Infection has long been suspected as a trigger of autoimmune diseases, and molecular mimicry mechanism was hypothesized in this study. Microbe originated peptides were searched from the Uniprot database based on a previous defined critical amino acid motif within α3129-150, isoleucine137, tryptophan140, glycine142, phenylalanine 143 and phenylalanine 145. 23826 microbial peptides were identified using our searching strategy, among which seven were related with human infections. Circulating IgG and IgM antibodies against the seven microbial peptides were detected using ELISA in 76 patients with anti-GBM disease. Four peptides were recognized by both IgG and IgM antibodies, and one peptide was recognized by IgG antibodies only. Peptides from Bacteroides, Saccharomyces cerevisiae, and Bifidobacterium thermophilum possessed the highest recognition frequency with the prevalence of 73.7%, 61.8% and 67.1% for IgG, 56.6%, 44.7% and 67.1% for IgM in anti-GBM patients. Patients with antibodies against these microbial peptides showed more severe kidney injury, including higher serum creatinine and higher percentage of crescent formation. In conclusion, antibodies against microbial peptides were identified in the circulation of anti-GBM patients, implying its etiological role in eliciting autoimmune response against α3(IV)NC1 through molecular mimicry.

The pathogenicity of T cell epitopes on human Goodpasture antigen and its critical amino acid motif.

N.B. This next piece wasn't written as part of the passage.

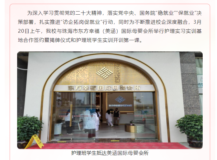 产教融合|我校与珠海美涵母婴会所举行护理实习实训基地合作签约暨揭牌仪式

Goodpasture antigen, the non-collagenous domain of α3 chain of type IV collagen [α3(IV)NC1], is the target antigen of anti-glomerular basement membrane (GBM) antibodies. The pathogenicity of T cell epitopes is not elucidated clearly. In this study, we aim to define the nephritogenic T cell epitopes and its critical amino acid residues. Twenty-four overlapping linear peptides were synthesized covering the whole sequence of human α3(IV)NC1. Wistar-Kyoto rats were immunized with linear peptides, and experimental autoimmune glomerulonephritis was evaluated. Critical amino acid was identified by the loss of nephritogenic function after each amino acid substitution by alanine. Of the 24 peptides, P14 (α3127-148 ) could induce 90.5% (19/21) of WKY rats developing anti-GBM glomerulonephritis with proteinuria, elevated serum urea and creatinine, IgG linear deposit on GBM and substantial (in average 82.4 ± 5.6%) crescent formation in glomeruli. Lymphocytes of immunized rats proliferated in response to α3127-148 and α3(IV)NC1 in vitro. Sera of these rats recognized α3127-148 and later on together with intact human α3(IV)NC1. Antibodies towards α3127-148 and intact α3(IV)NC1 could also be detected from the kidney elutes. These antibodies showed no cross-reaction with each other, which implies intramolecular epitope spreading during disease progress. After sequential amino acid substitution, the α3127-148 with substitution of tryptophan136 , isoleucine137 , leucine139 or tryptophan140 lost its nephritogenicity. Human α3127-148 is a nephritogenic T cell epitope in WKY rats, with the critical amino acids as W136 I137 xL139 W140 . These findings might facilitate future investigation on microbial aetiology and potential specific immunotherapy of anti-GBM disease.